The Bank Austria Kunstforum Wien is devoting its major 2020 autumn exhibition to an artist who until now was a rare guest in the Austrian capital: Gerhard Richter (b. 1932 in Dresden), noted internationally as the most important living painter, will show a comprehensive retrospective of his landscapes in the Kunstforum. It will be the first exhibition world wide that focuses so extensively and intensifly on this genre. Besides numerous oil paintings, the exhibition will show drawings, printed graphics, photography, artists’ books and objects that reflect the theme of “landscape” from the 1960s until today. It will include famous main works as well as those that were seldom or never previously shown to the public.
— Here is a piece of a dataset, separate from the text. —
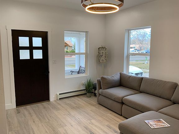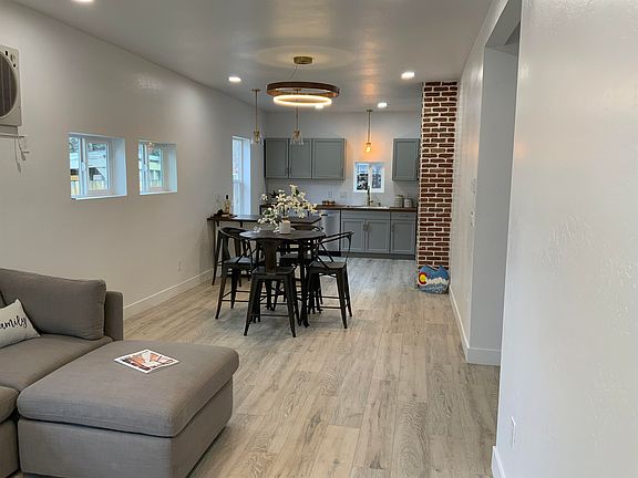 Welcome to your completely renovated urban oasis nestled in the heart of downtown. This charming 2 bedroom, 1 bathroom home boasts a stylish redesign and meticulous attention to detail throughout. As you step inside, you're greeted by a bright and airy living space illuminated by natural light streaming in through the large windows. The open floor plan seamlessly connects the living, dining, and kitchen areas, creating an inviting atmosphere perfect for entertaining guests or simply relaxing after a long day. The kitchen is a chef's dream, featuring brand new stainless steel appliances, sleek countertops and ample cabinet space for all your culinary needs. Whether you're preparing a gourmet meal or enjoying a quick snack, this kitchen is sure to inspire your inner chef. Both bedrooms offer comfortable retreats, generous closet space, and plenty of room to unwind. The pristine bathroom boasts modern fixtures, a luxurious shower, and elegant tile work, providing a spa-like experience right at home. Outside the property is complete with a detached 2 car garage, offering convenient parking and additional storage space for your belongings. The low maintenance yard provides the perfect backdrop for outdoor gatherings and the covered front porch is a perfect place to relax and enjoy your morning coffee. Located in a highly desirable downtown area, this home offers unparalleled access to shopping, dining, entertainment, and more. With its prime location and impeccable design, this is urban living at its finest. Don't miss your chance to make this stunning property your own!

The exhibition is structured into five major thematic sections and starts out with the landscapes that Richter produced based on his own photographic motifs or those he found by chance and which, in their sectional character, pictorial composition and colouring, show a decidedly photographic aesthetic. Richter expresses a “yearning” and “dream of classical order and the Golden Age” in numerous atmospheric landscapes, reminsicent of the art of Caspar David Friedrich. Richter contemplates on the lost potential of a painting style as it might have been practised in the Romantic age. He calls his pictures “cuckoo’s eggs” because they are experienced as romantic but cannot continue Friedrich’s spiritual tradition. The landscape plays a key role also as regards the development of Richter’s abstract painting: especially in the 1960s and 1970s he produced strongly abstracted pictures of mountains, parks, constellations and the sea. These works oscillate between realistically rendered landscapes and a subjective use of the paint material in broad, pastose brush strokes. In the 1970s and 1990s Richter created landscapes also in the form of fictional constructs that in reality could scarcely or not at all exist. Sea, mountain and cloud pictures were juxtaposed as motifs so that in their size or constellation they suggest a totality of nature that goes beyond all real experience. Richter seems to be questing after the aesthetic category of the sublime in these visionary concepts. Finally the exhibition presents his works of abstract overpainting: oil paint was applied onto the surface of landscape paintings, photographs and printed graphics in non-representational form. The two simultaneous levels of reality paradoxically become bonded in a close, subtle symbiosis: they seem to be an interconnected unity, with a charged tension generated by the clear opposition of the different forms of production. This results in a surprising ambivalence between realism and non-objectivity, of seeming and reality.
Important international loaners, including the MoMA New York and the Art Institute Chicago, also many top-class private collections, are supporting the exhibition project, which has been in preparation for many years. The show will have around a hundred and fifty works on display and is being organised with the generous help of Gerhard Richter and in cooperation with the Kunsthaus Zurich.